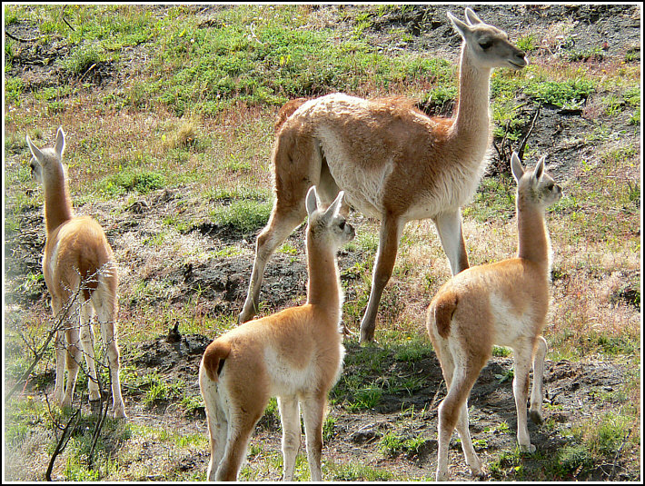 - Einfahrt in den Nationalpark Torres del Paine, Fotopausen, u.a.: Guanacos am Berghang, Laguna Amarga, Aussichtspunkt am Lago Nordenskjöld mit Blick auf Torres- und Cuernos-Gipfel
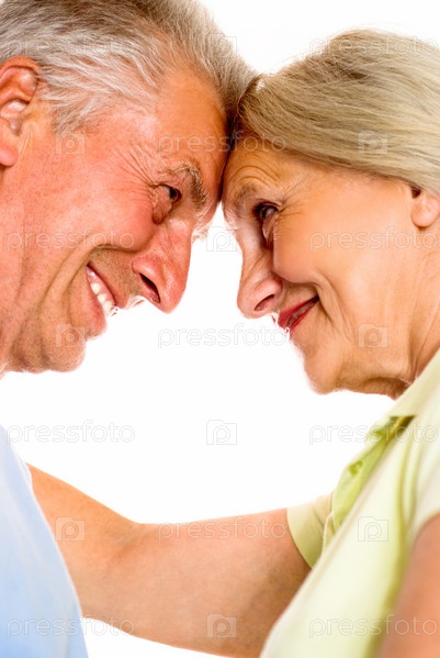 Счастливая пожилая пара на белом фоне
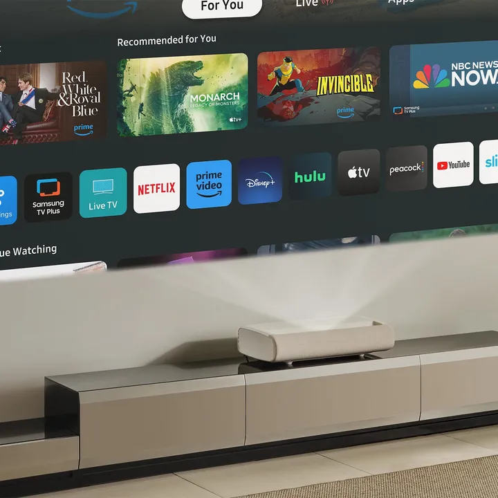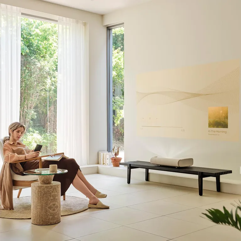 The Premiere har indbygget Samsung Tizen OS, som giver dig de samme indbyggede Smart-funktioner som Samsungs TV. Det vil sige, at den understøtter alle dine yndlings-streamingtjenester og apps. Det samme gælder samarbejde med din mobil, hvad enten du foretrækker iPhone eller Android. AirPlay 2 og nem spejling af mobilskærmen betyder, at projektoren er lige så let at bruge i det daglige som et TV.
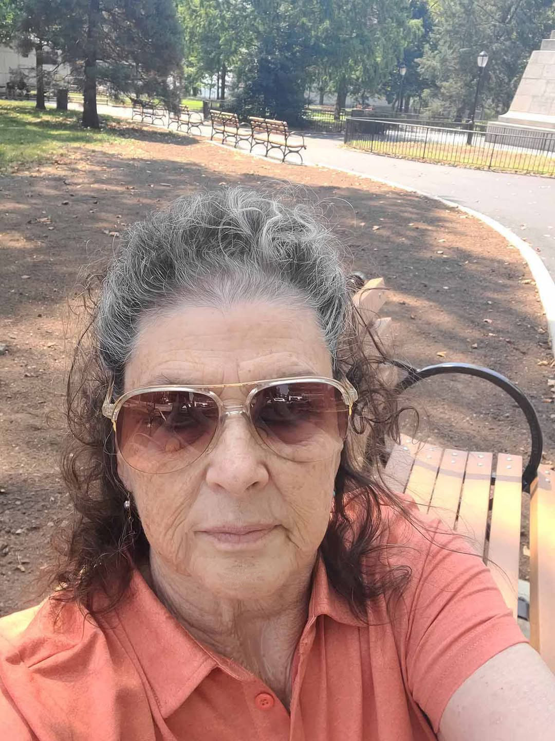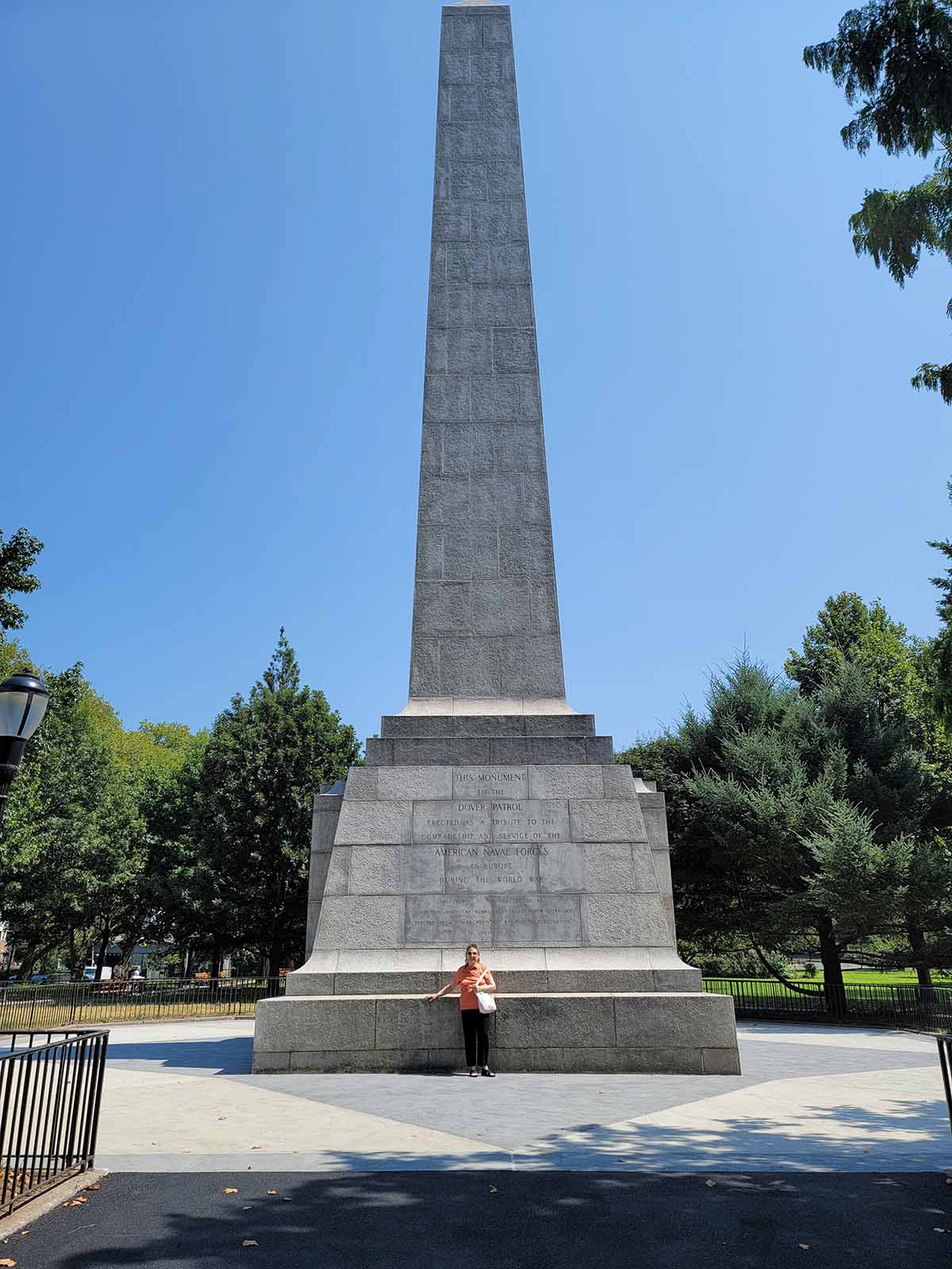 Over the past three months I've watched workers making renovations to the park outside - finally completing the project today. While exploring the changes with my neighbor Lucy - she took this pic of me near the obelisk which now features triangles beside each of the four sides of the base - forming a square depending on how you perceive it.
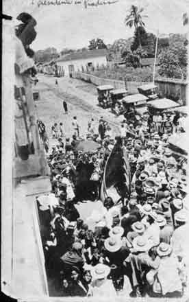 Entrada de la caravana que acompañaba al presidente de la República Marco Fidel Suárez, al corregimiento de Amaime
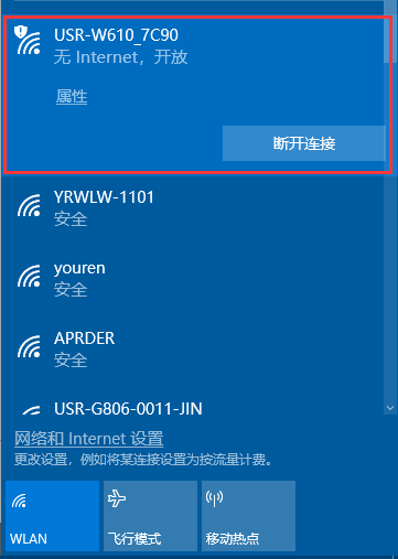 1、電腦打開(kāi)無(wú)線網(wǎng)絡(luò)連接,搜索網(wǎng)絡(luò),如下圖的“USR-W610_xxxx”(xxxx 是 MAC 地址后四位)即是模塊的默認(rèn)網(wǎng)絡(luò)名稱(SSID)。電腦關(guān)閉防火墻與殺毒軟件并禁用除了wifi之外其他的網(wǎng)卡。
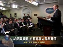 2011-01-06 22:08:58星期三(1月5號),美國白宮發言人吉布斯表示,人民幣匯率問題,將是胡錦濤這次訪美的主要議題,其他議題還將包括中國人權、朝鮮局勢以及全球經濟。
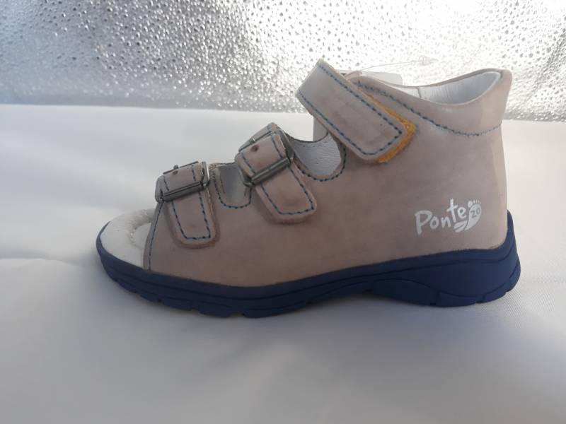 Tépőzárral és csattal szabályozható, zárt kérgű (sarokrészen zárt) szandál, mely stabil tartást biztosít a boka számára. A Ponte 20 kizárólag szupinált cipőket gyárt, a befele dőlő lábak egészséges továbbfejlődésének érdekében. Elsősorban normál/széles lábfejhez ajánlott

■ ■ ■

### TRY IT
Transcribe exactly and only the lines from the top of the records through the line containing "The Premiere har", inclusive, and do not copy the pictures.

### ANSWER SPACE
 - Einfahrt in den Nationalpark Torres del Paine, Fotopausen, u.a.: Guanacos am Berghang, Laguna Amarga, Aussichtspunkt am Lago Nordenskjöld mit Blick auf Torres- und Cuernos-Gipfel
 Счастливая пожилая пара на белом фоне
 The Premiere har indbygget Samsung Tizen OS, som giver dig de samme indbyggede Smart-funktioner som Samsungs TV. Det vil sige, at den understøtter alle dine yndlings-streamingtjenester og apps. Det samme gælder samarbejde med din mobil, hvad enten du foretrækker iPhone eller Android. AirPlay 2 og nem spejling af mobilskærmen betyder, at projektoren er lige så let at bruge i det daglige som et TV.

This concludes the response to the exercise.